I did a lot of stuff in Python.
I've been working with Python since 1994, so a very long time.
I did lots of things in the core development,
Unicode, Db, API, the platform module.
I'm based in Germany.
If you have a need for, I don't know,
a senior software architect, then please contact me.
But that's not the point of this talk.
The point of this talk is to show you this.
So, this is the match statement that you have in Python.
And it's actually a very, very useful thing,
especially if you want to parse structured data.
Now, the match statement itself is actually quite complex
if you look at all the details.
And I'm going through all the details in this talk.
There are so many details that I have to rush a bit, unfortunately.
And I'm not going to be able to show you live demos or anything
because I simply don't have the time for that.
So, let's just head right in.
So, what's the motivation behind the match statement?
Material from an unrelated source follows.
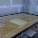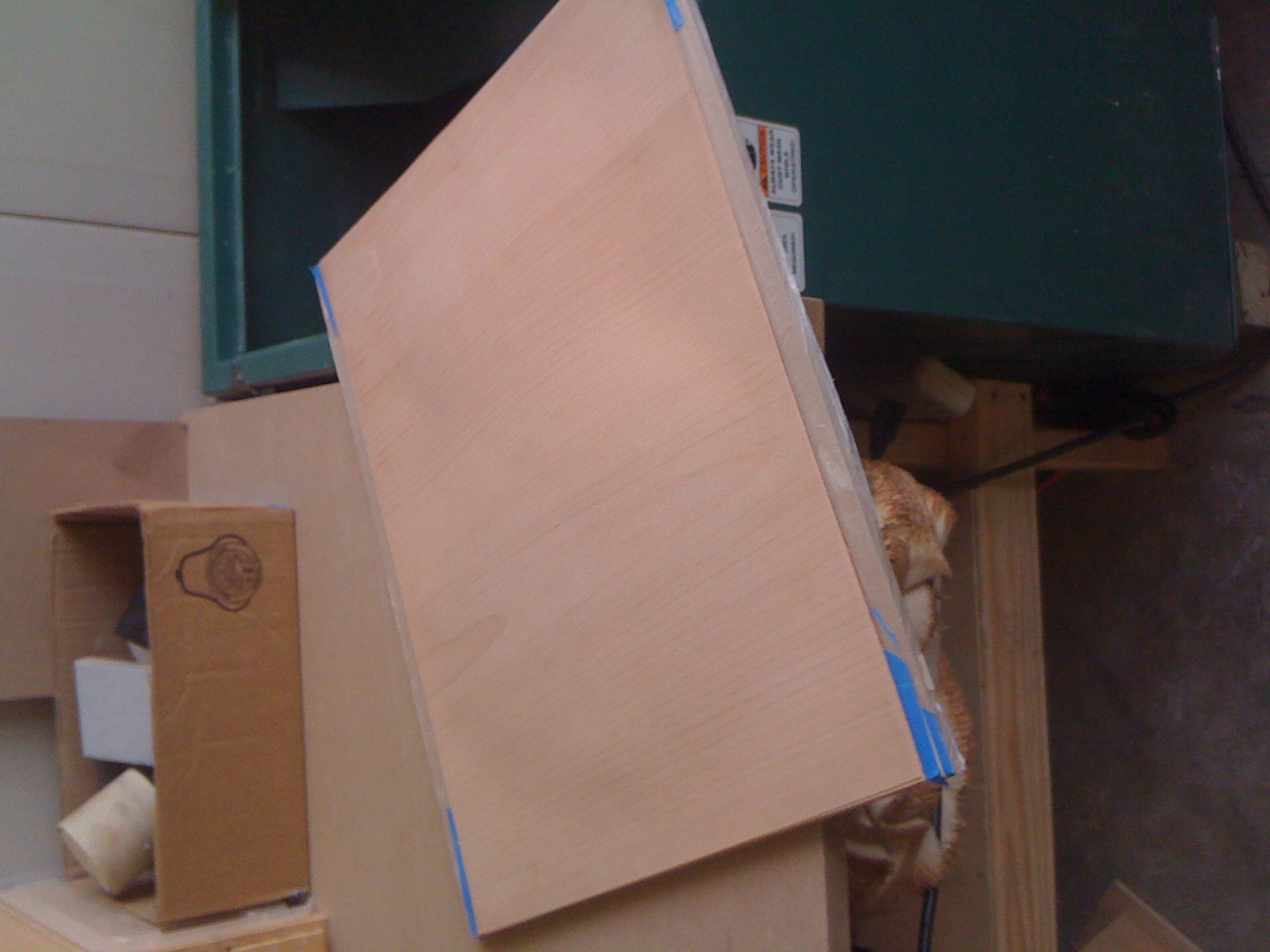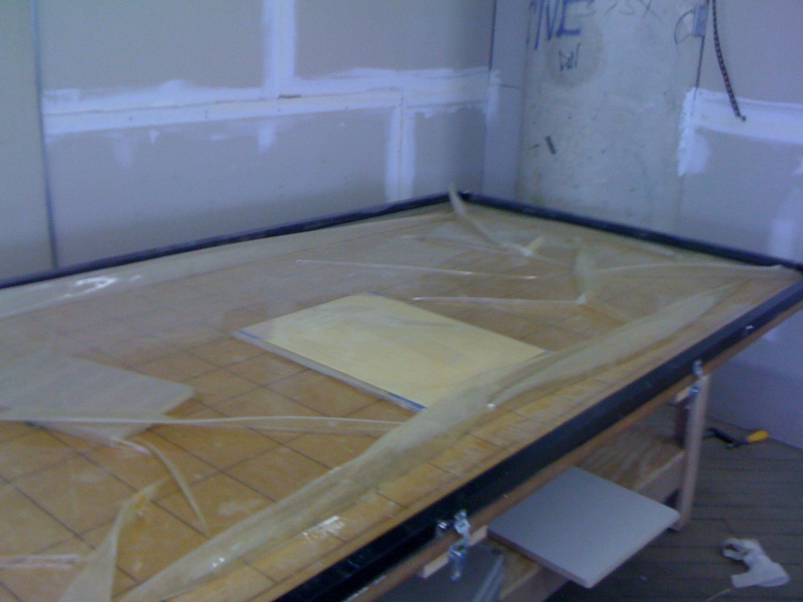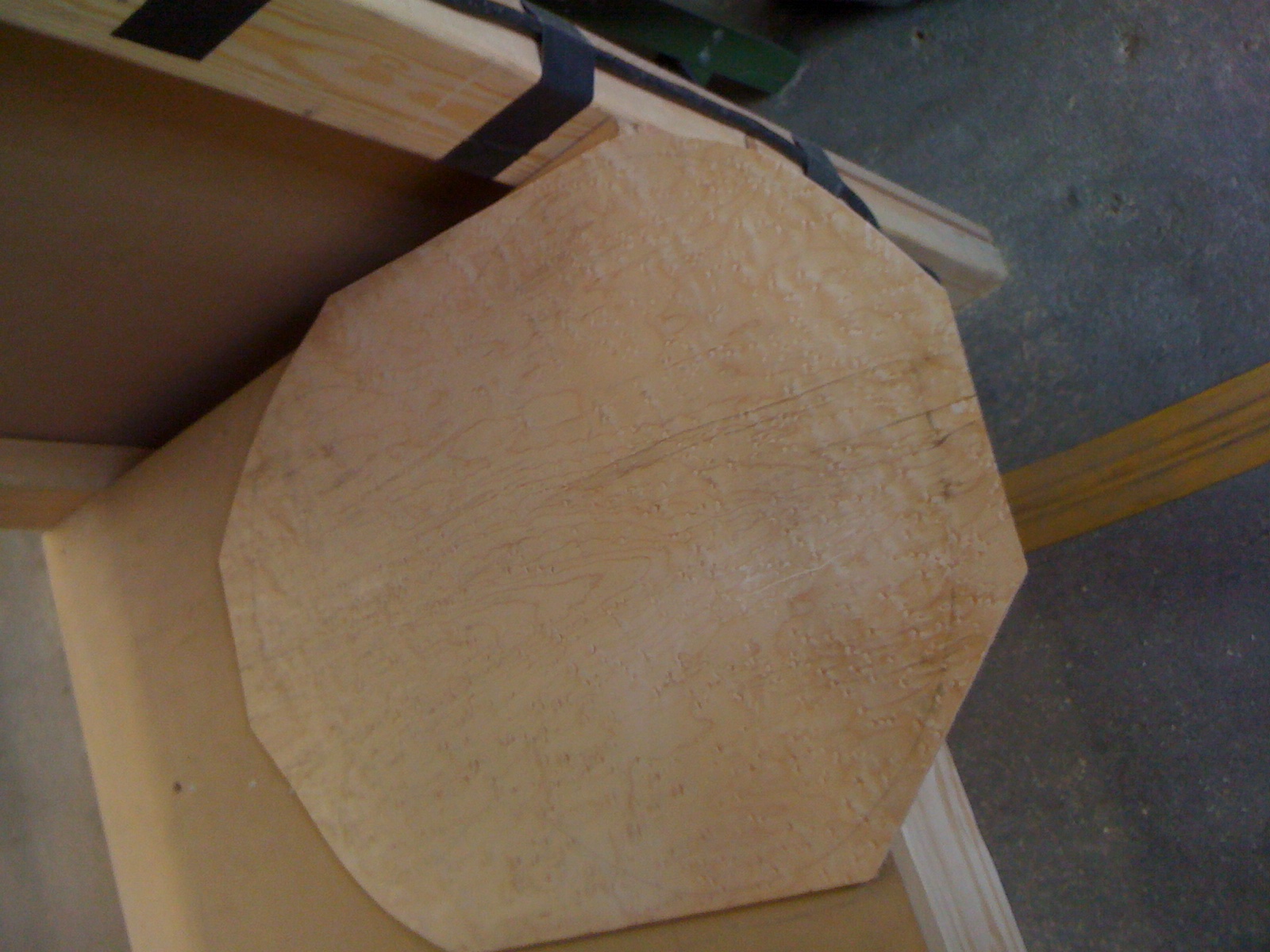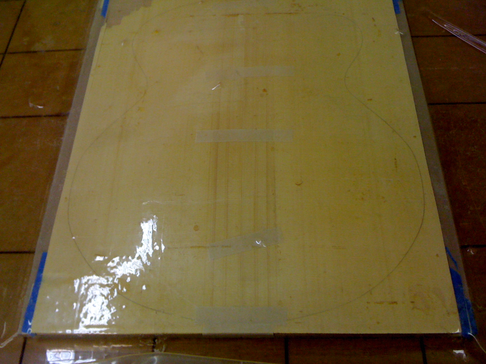 In a recent post i mention i made a laminate model for Bill at Legato. The plates i used for that project were pressed for me by Steve Holst. Nice plates, and the guitar really turned my head in how nice it sounded. But i wasnt entirely happy with the arch. So I decided to design and machine my own arch vacuum form in order to be able to laminate soundboard and back plates just how i like ’em. This guitar will feature 6 layer plates. The cabinet guys here at the new shop have a cool vacuum table, and i used it to veneer my first set of new plates here in house. Worked like a charm! Both plates are made of birch and veneered with alternating grain direction per layer. The back has a nice birdseye outer shell, the soundboard has a bookmatched spruce shell (I bandsawed and prepared my own spruce veneer here at the shop!).

People wanted to have something like a switch statement,
as you probably know from maybe C,
your other languages, for a very, very long time.
I just, I wrote a pep a very long time ago,
which basically suggested adding something like that to Python.
It was rejected at the time,
so it took another 20-something years
to actually something like this to make it into Python.
What we now have with the match statement
is a lot more powerful than the switch statement.
So, you can do not only matching on literals, for example,
but you can also do matching on types.
You can do matching all kinds of things,
including conditions that you apply to these things.
You can combine all of these things.
You can also do parsing and matching at the same time,
which is quite useful, so you don't have to have two passes.
First, to figure out whether something is actually valid,
and then in the second pass to then figure out
how to actually use the data that you have there.
It all started in Python 3.10.
That's more than two years ago.
But, like I said, it hasn't received that much traction yet.
So, what you see here, or maybe you cannot see it,
it's a graph from py-code.org,
which is a very nice site.
If you don't know that one, you should go there and have a look.
It basically scans all the PyPI code
and then does analysis on that.
The maintainer did an analysis in July last year
and looked at various features of the language,
whether they were being used in the packages on PyPI or not.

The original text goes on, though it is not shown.